1996 novel by Nick Earls

ZigZag Street is a 1996 novel written by Australian writer Nick Earls. It was Earl's second novel and won the Betty Trask Award in 1998, which it shared with Kiran Desai's Hullaballoo in the Guava Orchard. It has been compared with the work of Nick Hornby.

It was adapted for the stage by Philip Dean in 2004, playing at the La Boite Theatre before touring other cities.

In Review called it part of "Brisbane’s Holy Trinity of Gen X Lit:... more of a sad-boy novel, eagerly related to by whiney lawyers."
== Plot summary ==
Richard Derrington is a 28 year old corporate lawyer in Brisbane struggling to cope after his girlfriend, Anna, has left him. He lives on Zig Zag Street in the suburb of Red Hill, Brisbane, Queensland in his grandmother's former home.
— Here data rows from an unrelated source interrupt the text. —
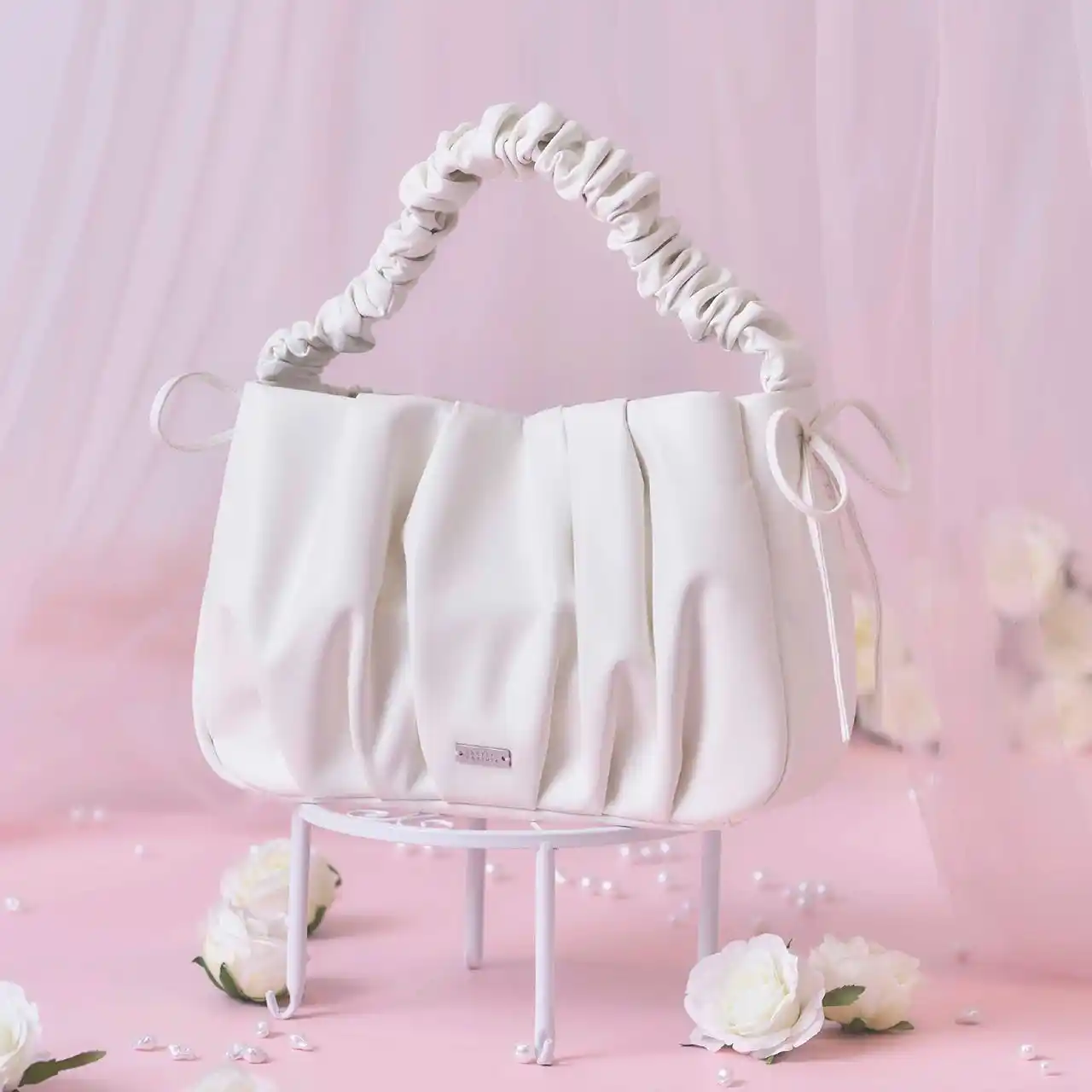 ラグジュアリーなブランドの世界観を崩さずに、オーナー様が日常で使いやすいシンプルなデザインを追求しました。柔らかくもっちりとした質感の素材を使用し、ギャザーやタックの量を微調整することで、特別感のある佇まいに仕上げております。一見するとファッションバッグのような見た目ですが、内側にはボトルホルダーやポケットを備えており、十分な収納スペースを確保しました。付属のテープを使用することでカートのハンドルに固定することが可能になります。 |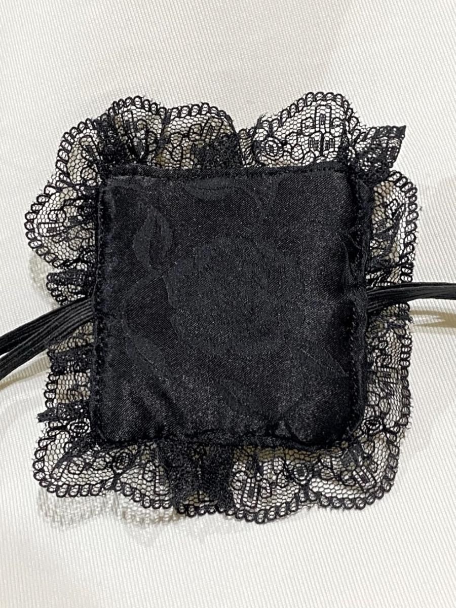 十字架付きリバーシブルアイパッチ(眼帯):黒×黒花柄サテン×銅古美十字架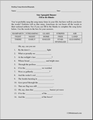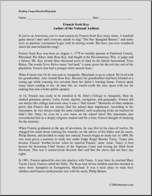 Biography of the “Star Spangled Banner” writer, with comprehension questions.

The novel follows his life over a six-week period as he continues to "mess things up", before finding new purpose and new love.

The novel features a number of Brisbane landmarks, including Broadway On the Mall, Park Road railway station (now known as Boggo Road railway station) in Dutton Park as well as the eponymous Zig Zag Street. It references British band The Smiths. Its reference to Tim Tam biscuits and other Queensland icons has made it a cultural favourite.